- WHAT YOU WILL DO
Only the lines below between the ones containing "Steam tug towing" and "4月15日,美国职业棒球大联", inclusive, are to be reproduced, each exactly as it stands.
Top of DATASET CONTENT
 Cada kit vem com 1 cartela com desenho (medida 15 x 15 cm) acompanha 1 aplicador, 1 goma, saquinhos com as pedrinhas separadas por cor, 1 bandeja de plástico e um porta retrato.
Bottom of DATASET CONTENT
Top of DATASET CONTENT
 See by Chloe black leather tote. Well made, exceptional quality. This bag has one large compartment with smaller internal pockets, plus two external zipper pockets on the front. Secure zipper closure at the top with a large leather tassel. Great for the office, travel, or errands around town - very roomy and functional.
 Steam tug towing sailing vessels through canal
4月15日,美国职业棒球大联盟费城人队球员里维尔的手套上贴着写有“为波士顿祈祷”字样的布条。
Bottom of DATASET CONTENT
- ANSWER FOR THE TASK
 Steam tug towing sailing vessels through canal
4月15日,美国职业棒球大联盟费城人队球员里维尔的手套上贴着写有“为波士顿祈祷”字样的布条。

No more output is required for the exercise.